Why identity is the control plane for agentic AI security
By the end of 2025, a clear pattern was emerging across incidents, experiments, and near-misses. Whenever AI agents caused trouble, even unintentionally, identity was almost always at the forefront.
Agents authenticate, inherit permissions, and call APIs. They operate under credentials that often outlive their purpose and exceed their scope. If something goes wrong, you can’t reason with an AI agent. Or shame it. Or ask it to “be careful next time.”
You can only revoke what gives it power.
That’s why identity is the control plane for agentic AI.
Organizations that treat agents as privileged machine identities—discoverable, scoped, and carefully governed—can quickly contain issues. Those that don’t will likely find themselves chasing symptoms, with no clean way to shut something down without breaking everything else.
Realizations like these set the stage for 2026.
How AI agents will evolve in 2026
If 2025 exposed the cracks in AI security controls, 2026 will apply greater pressure.
AI agents will become more advanced, interconnected, and deeply integrated into business-critical workflows. At the same time, machine identities will proliferate for reasons unrelated to AI, making careful containment even more critical.
What’s more, a runaway agent in 2026 won’t look dramatic. It will appear legitimate, authenticate successfully, and act quickly. By the time a human notices something’s even wrong, the damage could already be distributed across multiple systems.
That’s why CyberArk’s perspective on the evolving AI landscape in 2026 keeps returning to the same idea: identity will be the kill switch for AI systems.
Not a big red button or a hefty power cord to yank from a socket.
Instead, organizations need lifecycle governance: knowing what an agent is deployed for, what it’s allowed to touch, on whose behalf, when access should expire, and how to revoke it.
We’ll also see agents move closer to decision authority. “Shadow boards” and AI advisors won’t replace humans, but they will gain access to the deepest layers of corporate data. That access must be governed like privilege, because that’s exactly what it is.

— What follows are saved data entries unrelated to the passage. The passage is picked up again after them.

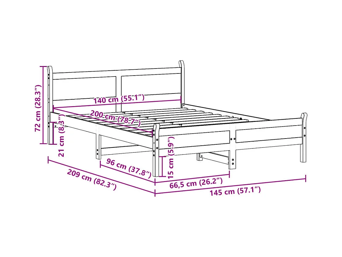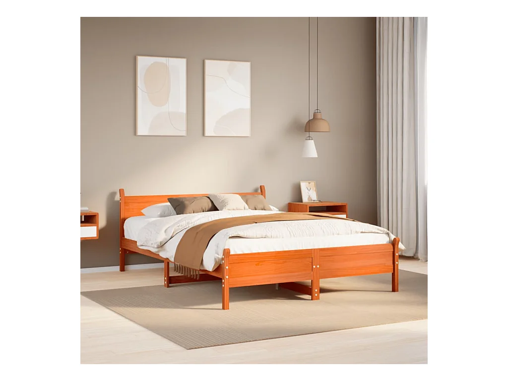 Cadre de lit sans matelas cire marron 140x200cm bois pin massif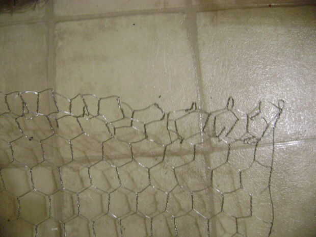 Cortar un trozo de alambre de pollo ligeramente más grande que el tejido de alfombras. Asegúrese de que esté lo suficientemente estrecha para caber a través de las puertas. Utilizando sus pinzas, doble los extremos puntiagudos de lo alambre de pollo por lo que la pieza final es ligeramente más pequeña que su tela. Es una buena idea usar guantes de trabajo para esta parte para no cortarse con los bordes agudos.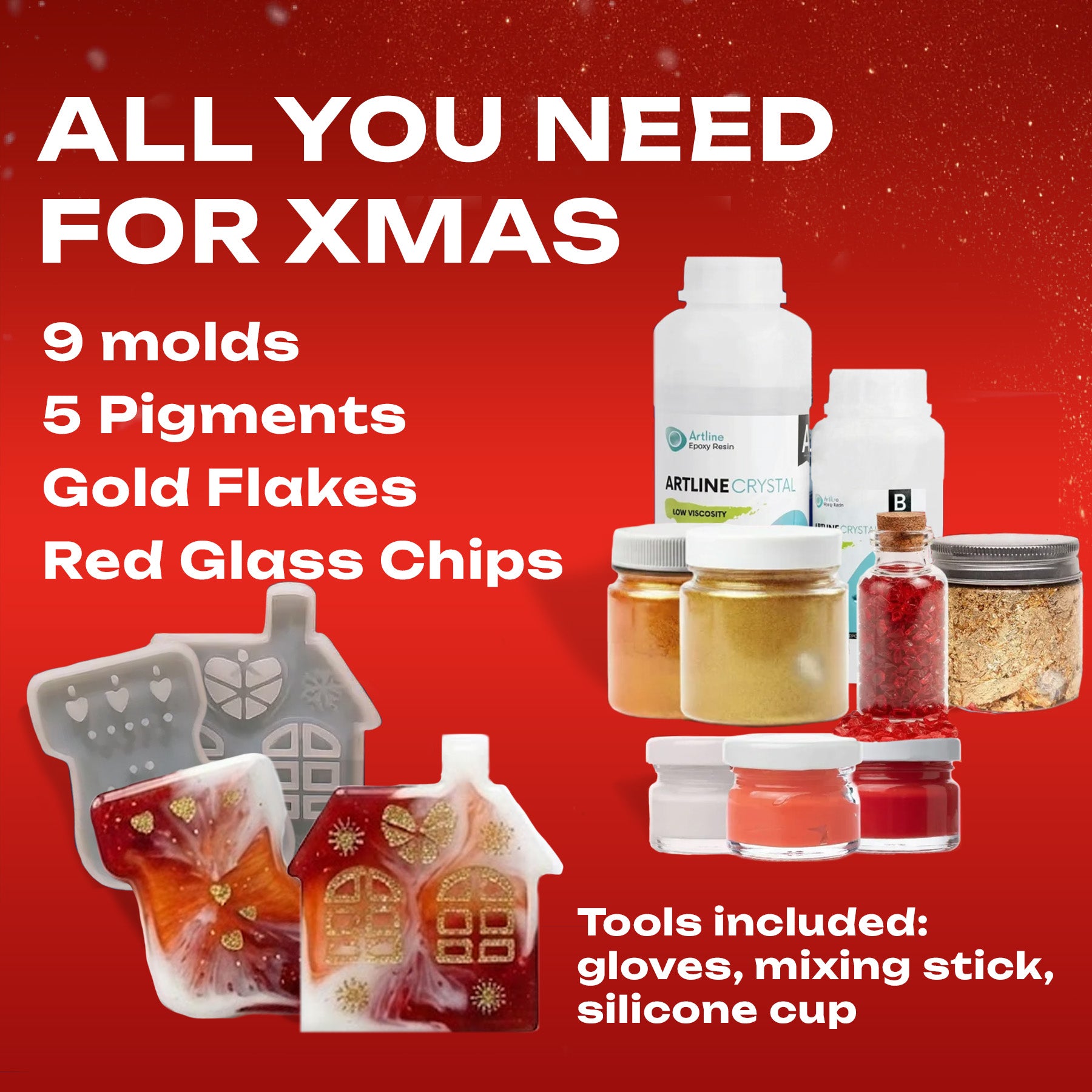 Red Velvet Christmas Limited Edition Resin Kit je za ustvarjalce, ki želijo okraske, ki so luksuzni in drzni: globoke praznične rdečine, mehki zimski poudarki, zlati detajli in teksturirani rdeči stekleni koščki, ki ujamejo svetlobo kot majhni praznični dragulji.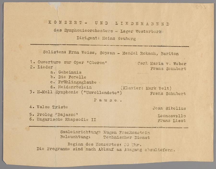 Programma van concert en liederenavond in Westerbork door het symfonieorkest van Westerbork, onder leiding van Heinz Neuburg, circa mei 1943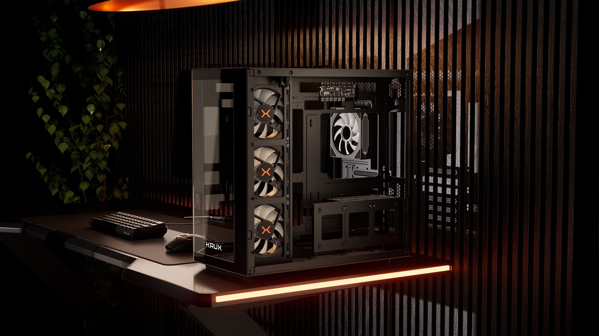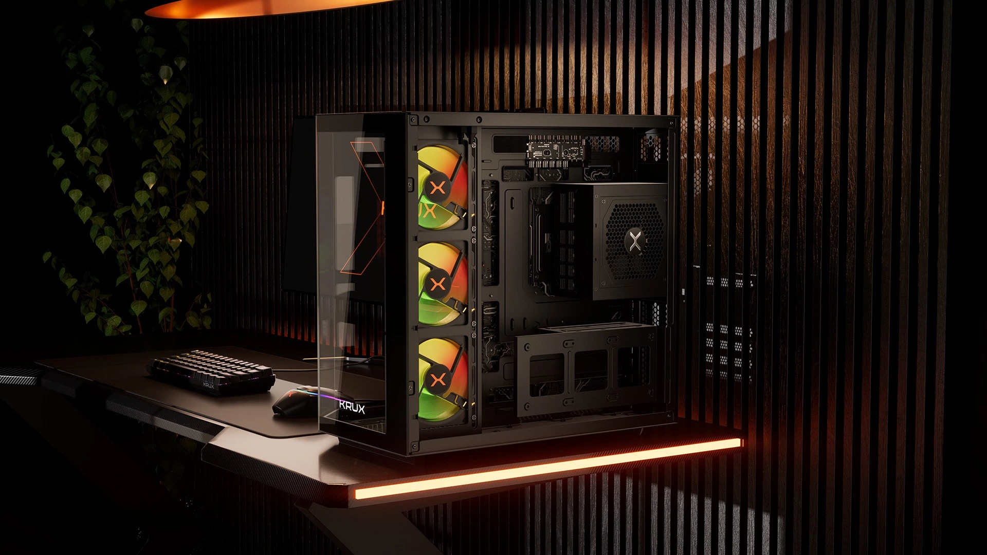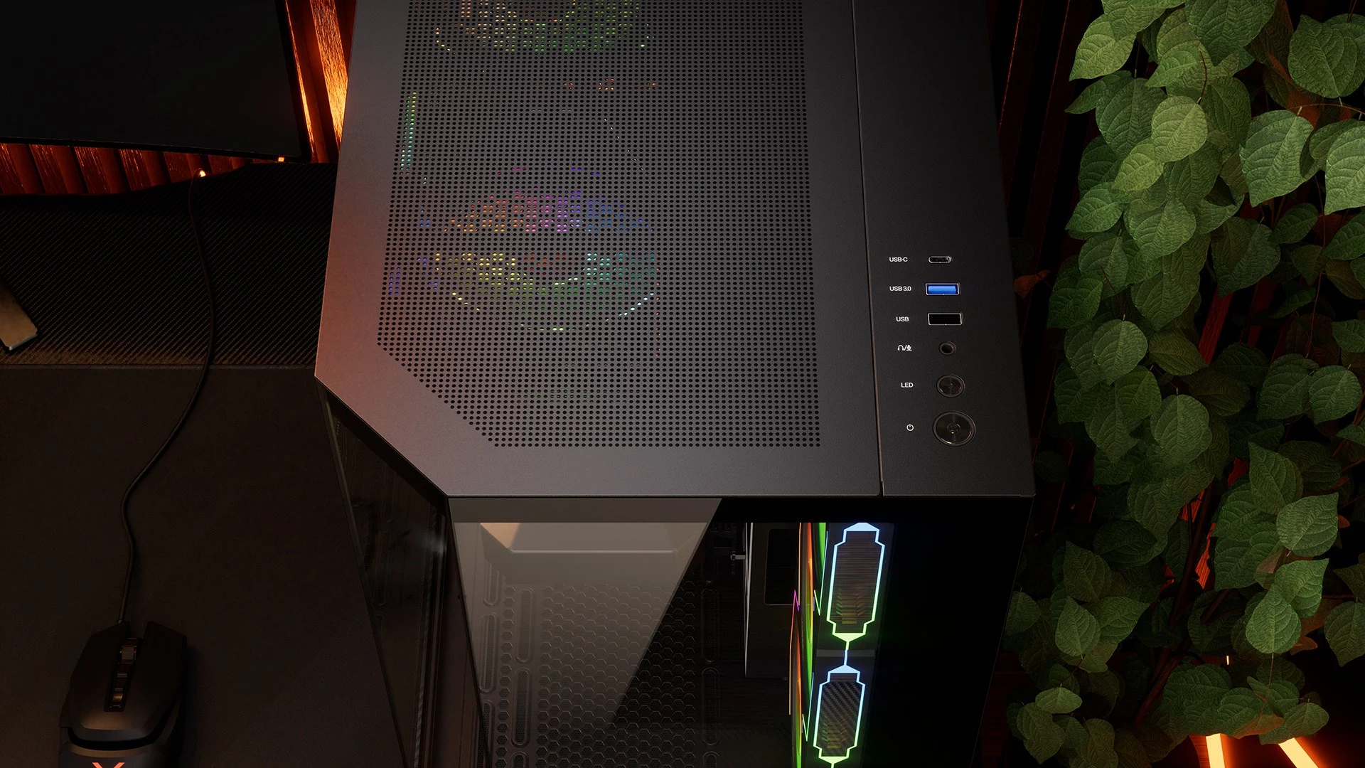 - Innowacyjna konstrukcja: Boczna komora zasilacza – Przeniesienie jednostki zasilającej za tackę płyty głównej optymalizuje przepływ powietrza i poprawia estetykę.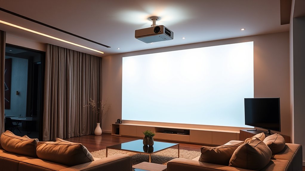 Choosing the right projector for your space depends heavily on the size of the room. Short throw projectors are perfect for small rooms because they can create large images from just 3 to 5 feet away, saving space and reducing clutter. Conversely, long throw projectors need 8 to 16 feet or more to produce a 100-inch screen, making them suitable for larger rooms or auditoriums. It’s important to take into account the available space to ensure the projector can be positioned at the proper distance without distortion or limited screen size. Additionally, adjustable zoom and keystone correction help optimize image quality in different room sizes. Making sure there’s enough room for the necessary throw distance prevents image issues and makes for a better viewing experience.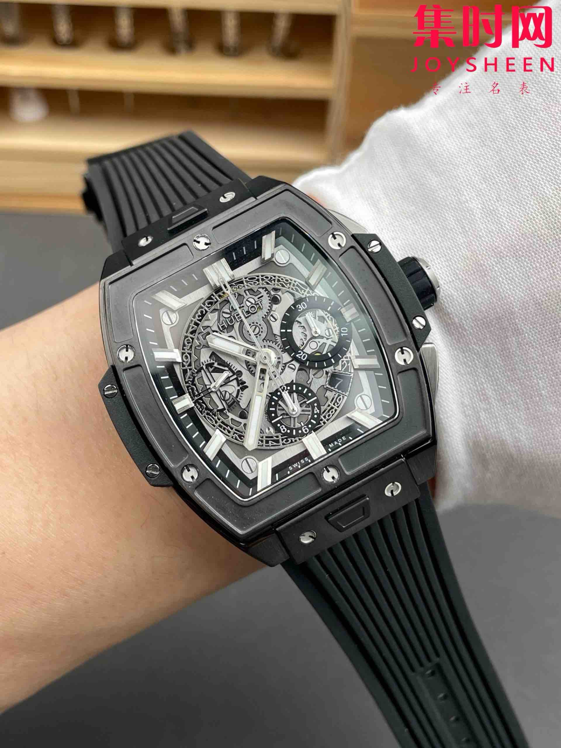 MS彩色陶瓷 灵魂酒桶型 宇舶 -全新彩色“陶瓷工艺” 灵魂BIG BANG系列 男士腕表 以赛车为灵感,推出全新Spirit of Big Bang!腕表结合Spirit of Big Bang系列的所有标志性元素,全新酒桶形全陶瓷表壳。表壳应用钛金属跟树脂材料,借助六枚H型螺丝构建“三明治”结构,传达“融合的技术”的理念,定制HUB4700自动上链机芯,原装折叠表扣,订制氟橡胶表带,腕表配有“一键式”快速更换表带系统,佩戴者只需轻轻一按,即可以轻松快捷地替换表带!!!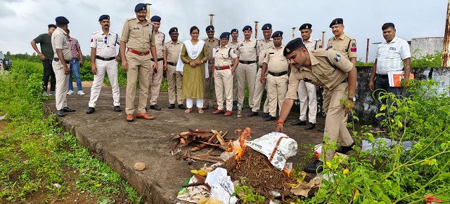 एमसीबी,27 सितम्बर (वेदांत समाचार): पुलिस महानिरीक्षक सरगुजा रेंज सरगुजा के निर्देशानुसार आज मनेन्द्रगढ़-चिरमिरी-भरतपुर जिले में नशीले पदार्थों के खिलाफ बड़ी कार्यवाही की गई। जिले के थाना खड़गवां, चिरमिरी, झगराखाण्ड, मनेन्द्रगढ़, केल्हारी एवं जनकपुर में वर्ष 2021 से 2025 तक नारकोटिक्स एक्ट के तहत दर्ज कुल 16 प्रकरणों में जप्त मादक पदार्थ गांजा एवं नशीली इंजेक्शनों का विधिवत नष्टीकरण किया गया। इस कार्यवाही के अंतर्गत 7 किलो 430 ग्राम गांजा जिसकी बाजार कीमत 80 हजार 500 रुपये आंकी गई है.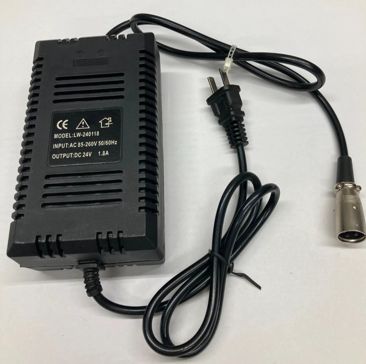 24V CHARGER – MODEL L-240118 (1.8A) Condition: New Brand: Unbranded Model / Part / MPN / OEM #: L-240118 Country of Manufacture: China UPC: N/A Description: Universal 24V charger designed for 24V equipment and power systems. Provides stable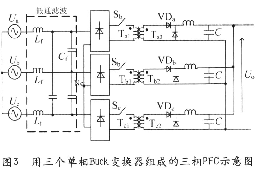 圖3用三個單相Buck變換器組成的三相PFC示意圖,圖3所示Buck型電路的結(jié)構(gòu)比較簡單,同全橋電路相似,由于隔離變壓器反射電壓的影響,其相對于反激電路來說也有較大的電流失真,但其諧波仍可以限定在比較低水平,達到IEC—1000的要求。另外,其可實現(xiàn)的功率等級的大小不如全橋高,但比反激式電路要大。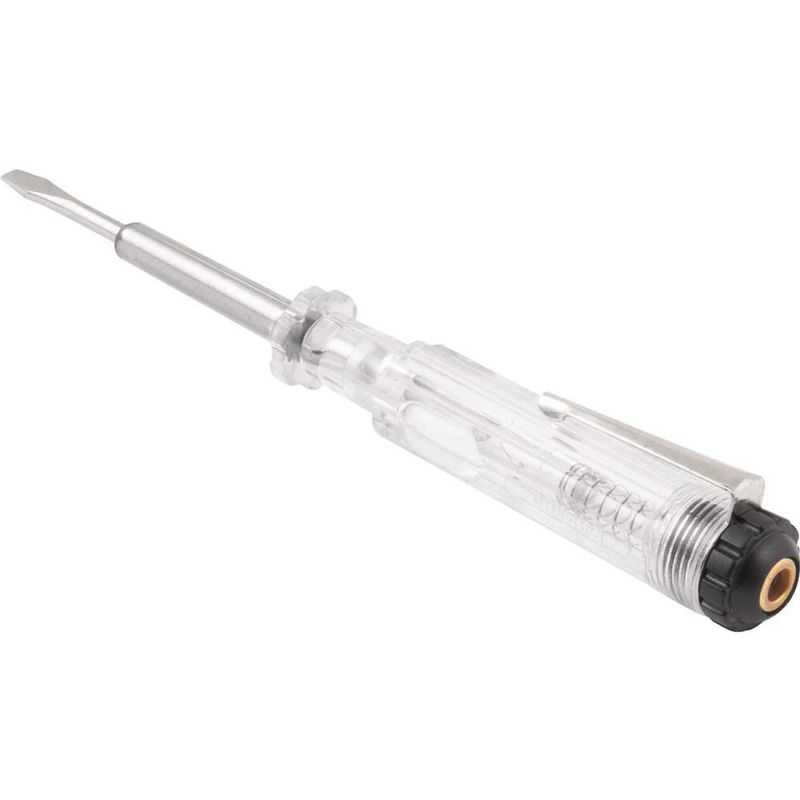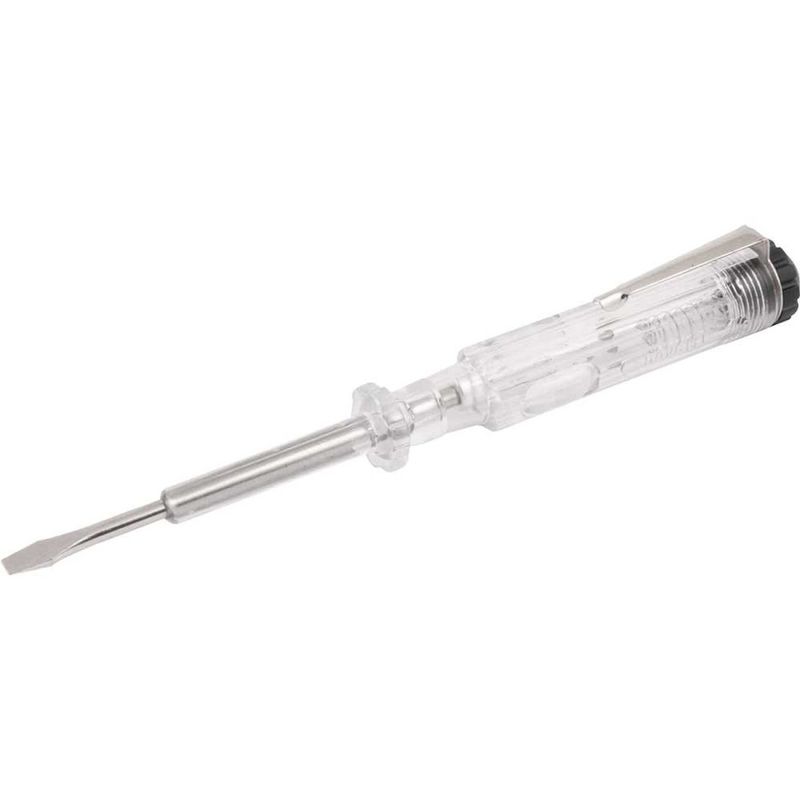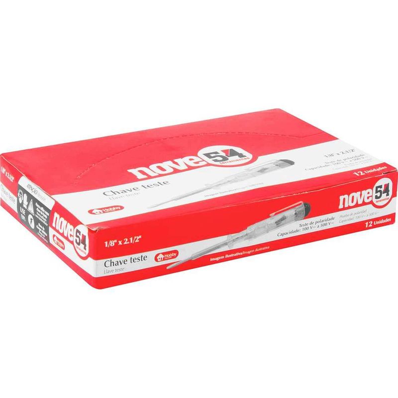 Chave Teste, Caixa com 12 Peças, Nove54 OstenVonder - Conteúdo da embalagem: 1 Caixa com 12 chaves teste. Aplicação: Indicada para verificar a existência de energia elétrica em fios, tomadas, entre outros, além de testar a polaridade. Não indicada para soltar ou apertar parafusos. Destaques: Possui haste niquelada, proporcionando maior resistência à oxidação/corrosão. Referência: 3571018140 Garantia - E (CDC): Garantia legal: 90 dias Largura da ponta: 1/8" - 3,18 mm Comprimento da haste: 2.1/2" - 63,5 mm Tensão de trabalho: 100 V~ a 500 V~ Material da haste: Aço carbono Acabamento da haste: Niquelado Material do cabo: Polipropileno Cor do cabo da chave: Transparente Massa aproximada (peso): 0.161 kg Destaques Comercial: Possui haste niquelada, resistente à oxidação e corrosão. Aplicação Comercial: Verifica presença de energia elétrica e polaridade em fios e tomadas; não serve para parafusos. Características Gerais do Produto: Garantia: • 3 Meses

How agentic AI can get real without teams getting reckless
The most dangerous myth about AI is that the real risks arrive with sentient machines, but that’s not true. They arrive with trust—and those dangers are already here.
Trust is all an AI agent needs to cause damage: permissions, persistence, and integration. Organizations hand those out every day, often without realizing how far the blast radius extends.
So no, we’re not on the brink of Skynet.
But we are building enterprises where machines act continuously, quietly, and in ways that have lasting consequences inside real environments.
So, the next time a headline tempts us with visions straight out of Terminator, remember: the real story is about trust, identity, and the choices we make today.
Kaitlin Harvey is a digital content manager at CyberArk.